= Sounds of Mexico =

Sounds of Mexico is a musical ensemble and exchange program created as a platform for collaboration between musicians from Mexico and those from other countries. This mostly occurs through the programming of concerts in various countries in which Mexican musicians collaborate with those of the host country. The projects and programs differ from country to country and the repertoire of pieces played varied widely, with many from modern composers. The goal is to create long term cultural relationships with various countries and to develop the Mexican musicians. The traditional music of Mexico is promoted as well.

The program was created in 2008 by Mexican composer and guitarist Santiago Gutiérrez Bolio with the Mexican embassy in Denmark. Today, it is co-directed by Mexican guitarist Santiago Lascurain. Other members include Matias Escudero Seibaek, Aldo Aranda, Carina Vinke, Allan Sjølin, Martin Buono, Almut Kühne, Joel Enrique González, Jaike Bakker, Carlos Iturralde, Alejandra Hernández, Jonas Skielboe, Oman Kaminsky, Juan Zurutuza, Manuel Esperilla, Mathilde Kirknaes, Tomás Barriero and Carlos Martínez Laurrari.

The program is supported by a number of private and governmental organizations such as Oticon Fonden, Danmarks Nationalbank, Rundetaarn, Hans Tausens Kirke and Dansk Musik Forbund in Denmark, Sibelius Academy in Finland, Stichting Colores de México, Geemente Den Haag, Prins Bernhard Cultuurfonds, Gemeente Rotterdam, Amsterdams Fonds voor de Kunst, SNS Reaal Fonds, De Haagse Kunstring, Het Wereldmuseum, Het Bethaniënklooster, Concertgebouw, AVRO Radio, Círculo Dilecto Radio, and English Breakfast Radio in the Netherlands, the Spanish Consulate in Reykjavík and Salurinn Tonilistarhus in Iceland, the Mexican Institute for Culture in Paris and Maison du Mexique in France, the Instituto Cervantes in Vienna, the Escuela de Música Luis Aramburu in Spain and Clásica México in Mexico, and the Mexican embassies to Denmark, Norway, Iceland, Finland, Austria and the Netherlands.

The first concerts were held in Copenhagen in 2008. Since then the program as presented concerts in various countries and cites such as the major cities of Denmark, Finland, France, Holland, Iceland and Switzerland and has commissioned new musical works.
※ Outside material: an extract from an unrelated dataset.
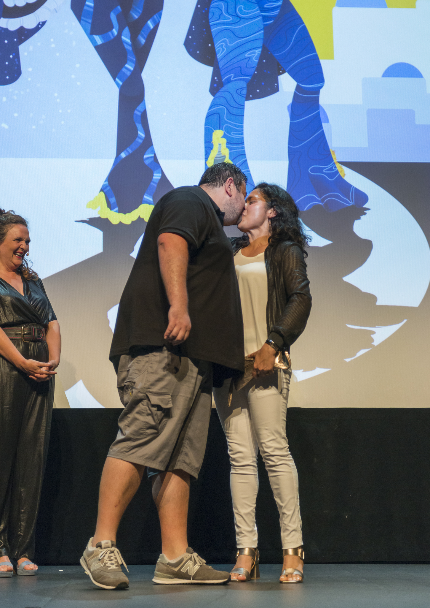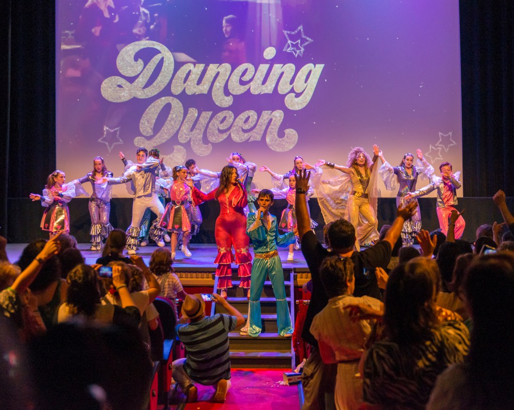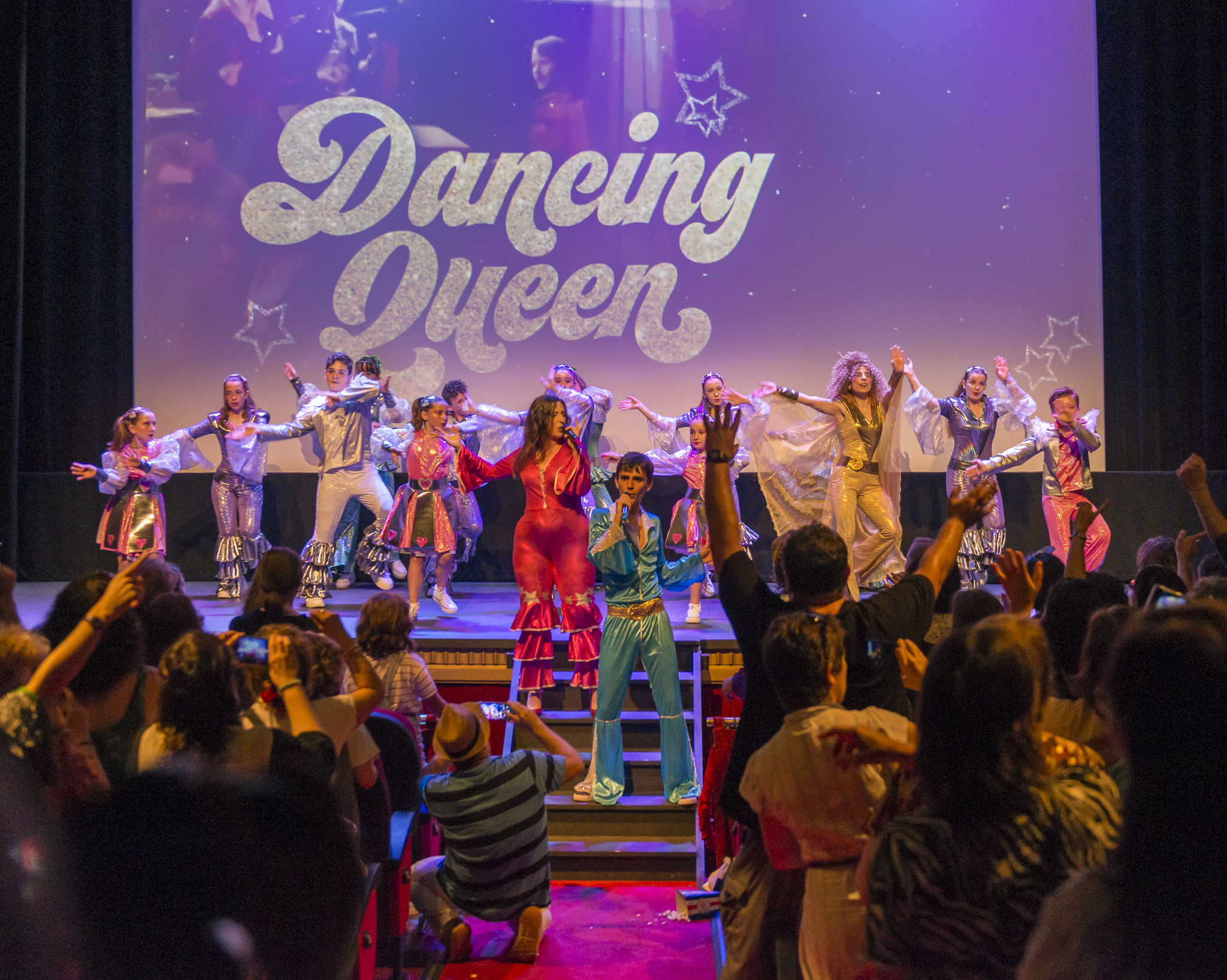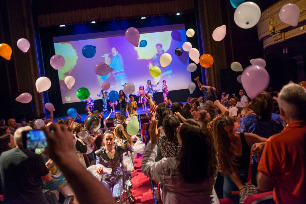 Cuando empezó la peli el público estaba a tope y el pase resultó memorable, con coros y aplausos en cada canción, hasta que llegó el final y estalló la fiesta total. Habíamos preparado una última sorpresa: durante los créditos, los bailarines de Gurea volvieron a salir acompañados de los cantantes para animar la sala repartiéndose por las dos plantas del Principal y el escenario, y bailar al ritmo de “Dancing Queen” y “Waterloo”. Y para hacerlo aún más especial, una lluvia de globos inundó el teatro. Una boda y una noche para el recuerdo.

One jointly created program is Lige over Vandet/Océanos Cruzados (Over the Ocean in Danish and Spanish) which was created musicians from Mexico and Denmark to create a musical and dance spectacle dominated by guitars and percussion. The music and dance blends the contemporary traditions of both countries. Compositions created for the show include Tres de masita, 4 pieces for 2 guitars, Vacuum’s Vessels, Shine, Sr.?, I Ching (The Book of Changes) and Más Música Mística. The last piece was inspired by the work of Max Jardow-Pederson, a Danish ethnologist specializing in music who worked in the Yucatán Peninsula investigating Mayan music. Most pieces are for guitar, sometimes accompanied by percussion and other instruments, and have elements flamenco, choral music, tango, rock and blues. One recent performance of this show was at the Festival Internacional Cervantino, as Denmark was one of the “guests” for the event.